Molecular Cell Biology
Head: Dr. Anja Bremm
Protein ubiquitination emerged as a fundamental regulatory process in the cell, and both proteolytic and non-proteolytic functions have been attributed to this small protein modifier. The various cellular responses to ubiquitin signals are highly regulated by factors that recognize or remove the modification (Ubiquitin-binding domain (UBD)-containing proteins and deubiquitinating enzymes (DUBs), respectively). Ubiquitin is attached to substrate lysine residues and can assemble at least eight differently linked polymers. Importantly, these ubiquitin chains have been associated with distinct cellular outputs, further increasing the astonishing complexity in the ubiquitin system.

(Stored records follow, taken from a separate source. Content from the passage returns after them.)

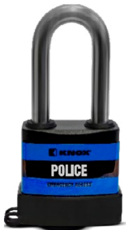
EXTERIOR USE Model #3782
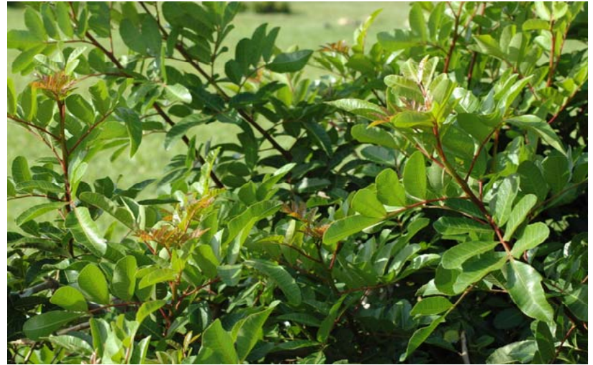
Brazilian Pepper (invasive non-native)

Reflect on your Kayaking adventure, using all of your senses to describe your experience.
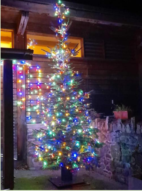
Codwyd coeden Nadolig gan y Cyngor Cymuned yn y Cartws Christmas tree erected by the Community Council at the Coach House

Darparodd y Cyngor goeden Nadolig a goleuadau yn y Cartws, a hefyd gosodwyd rhes o oleuadau dros y gysgodfan bws yng Nglanteifion. Roeddem yn falch iawn ail-gyflwyno'r goeden Nadolig ar Sgwâr Halkett, a bod yn un o noddwyr y digwyddiad Golau i Bawb a drefnwyd gan Hanes Llandoch/Y Cartws.
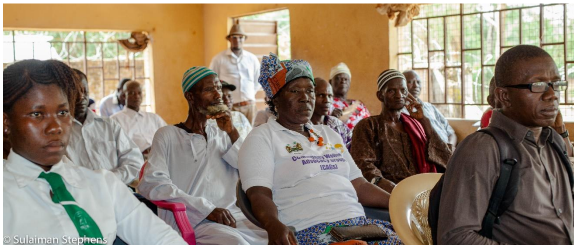
Community representatives at husband school, Binkolo (Bombali District)

The priest noted his happiness with the effect of the husband project. He said: 'God made us equal', and it is important to have a good family life - "the world is one family!" The chief of town said he was happy to see so many children in schools now and child marriage addressed. He was concerned with regards to the poor road infrastructure and women accessing obstetric services timely. He made the request for continued support including motorbikes as vehicles to transport young pregnant girls from the villages into town during obstetric emergencies.
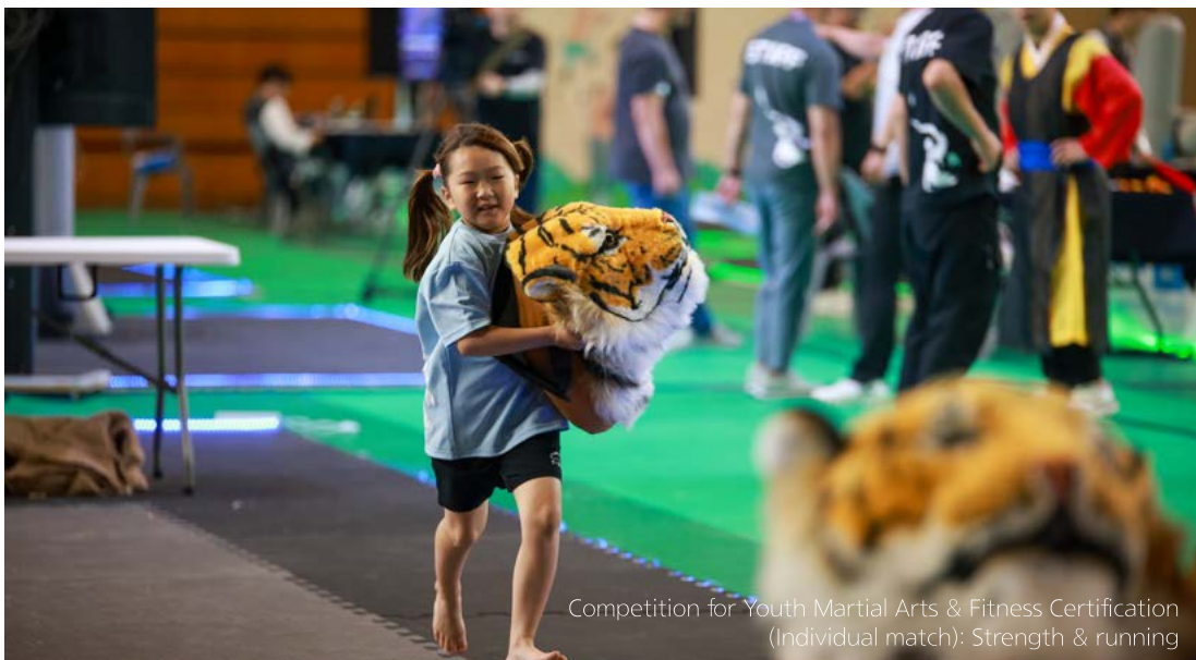
Competition for Youth Martial Arts & Fitness Certification (Individual match): Strength & running
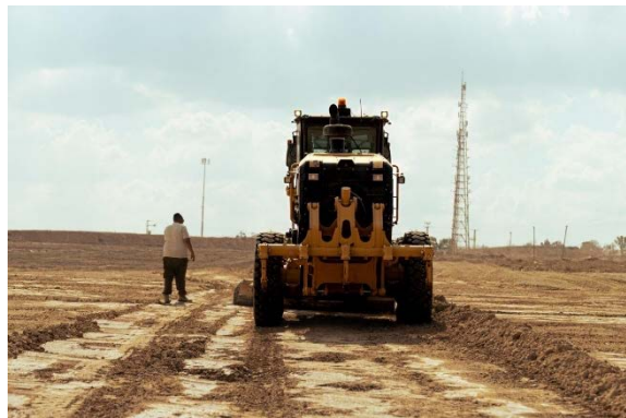
Expansion of Crossing 147 (IDF Spokesperson, September 12, 2025)

► Hamas and its allies in the Gaza Strip continued their efforts to prevent the passage of residents out of Gaza City in accordance with IDF instructions, claiming that the areas designated for the absorption of the displaced were already full. The following are prominent examples:
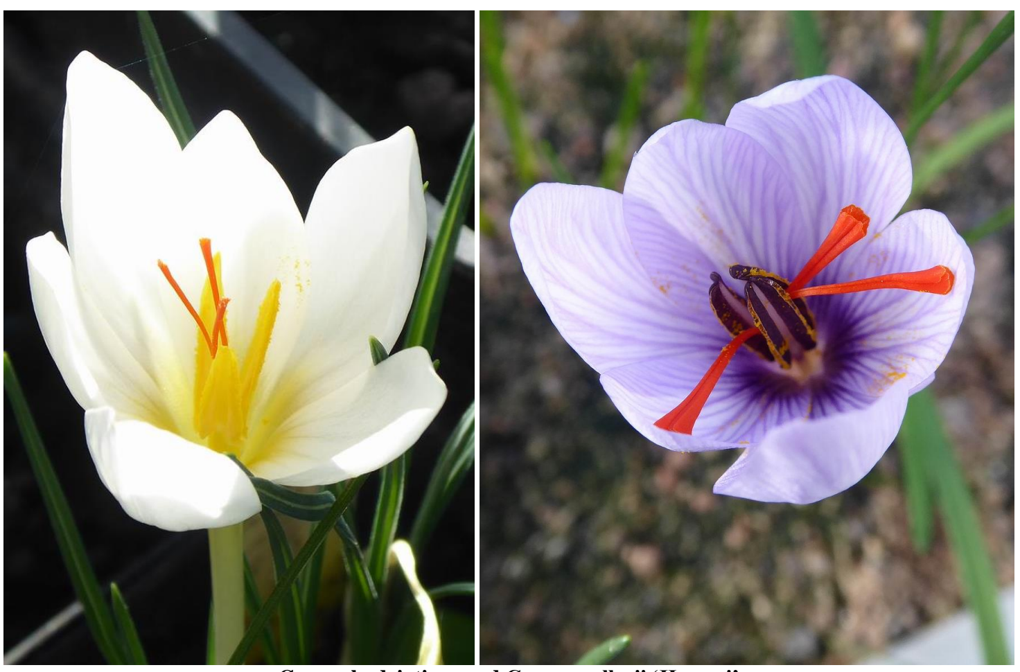
Crocus hadriaticus and Crocus pallasii 'Homeri'
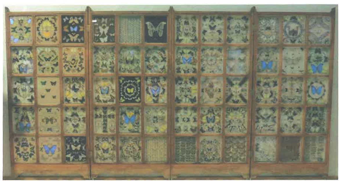
Since Spring 2015, Collection now on display at the TDRPD
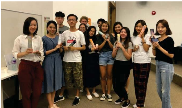
Entrepreneurs from different industries were invited to share their real-life entrepreneurial stories in EPIN1010

EPIN1010 Anatomy of an Entrepreneur and EPIN1020 Design Thinking and Practice are part of the fundamental and founding courses in EPIN curriculum, proven to be higher popular among students.
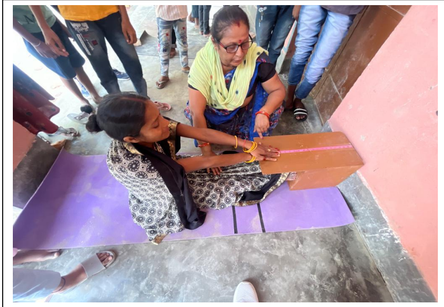
Seat & reach

During the community summer camp 2023, we have done the Swasth Community Assessment of so many guardians and villagers
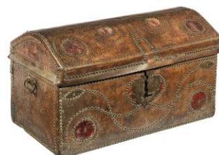
Oak carved front coffer, c1720, £895 from Melody Antiques
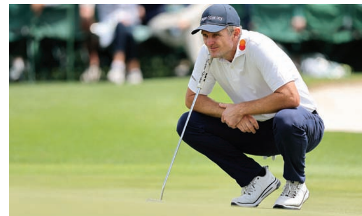
Justin Rose of England lines up a putt on the 18th hole during the second round of the 2025 Masters Tournament at Augusta National Golf Club in Augusta, Georgia.
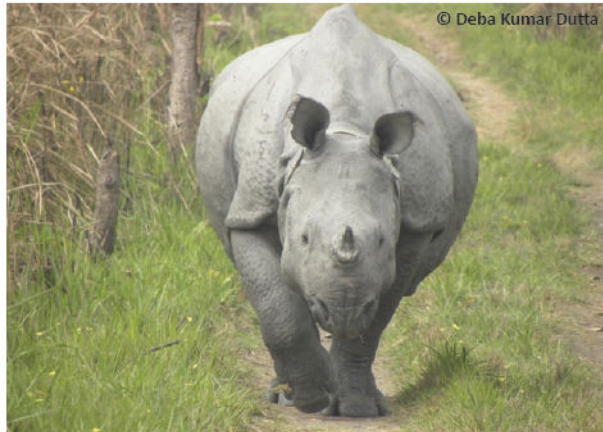
Images 3. Rhino-3 (Laisri), adult female Rhino. Date of release at Manas: 27 December 2010. Approximate age 12½ Years. Place of origin: Pobitora Wildlife Sanctuary
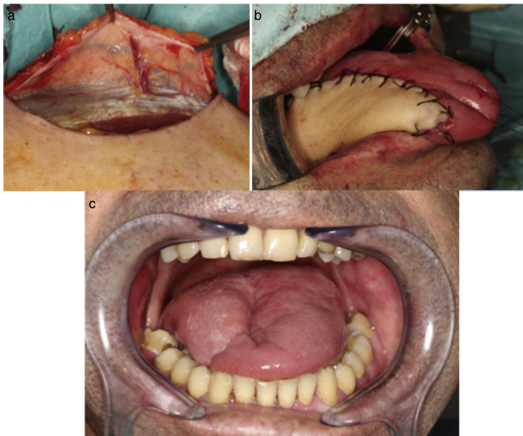
Fig. 3 – (a) Medial sural perforator artery, (b) immediate post-operative reconstruction and (c) postoperative follow up, good cosmetic outcome with a medial sural perforator flap and no recurrence.

An incisional biopsy was repeated on January 2015 after a first negative result; the histopathology showed an infiltrating spindle cell tumour that stained for smooth muscle actin. The immunohistochemistry stained positively with smooth muscle actin, desmin, and caldesmon (Fig. 2).

Our lab investigates the role of protein ubiquitination in adaptive responses to cellular stress, e.g. hypoxia, oxidative damage or starvation. In this context, we are particularly interested in the function and regulation of DUBs. Altered DUB activity is associated with a multitude of pathologies including cancer and Alzheimer’s diseases. Therefore, DUBs represent promising novel structures for targeted therapy. We aim to increase our understanding of the physiological functions and control mechanisms of these important and versatile enzymes.
Figure 1: Schematic overview of the ubiquitin system. DUBs play essential roles in the correct outcome of the ubiquitin code.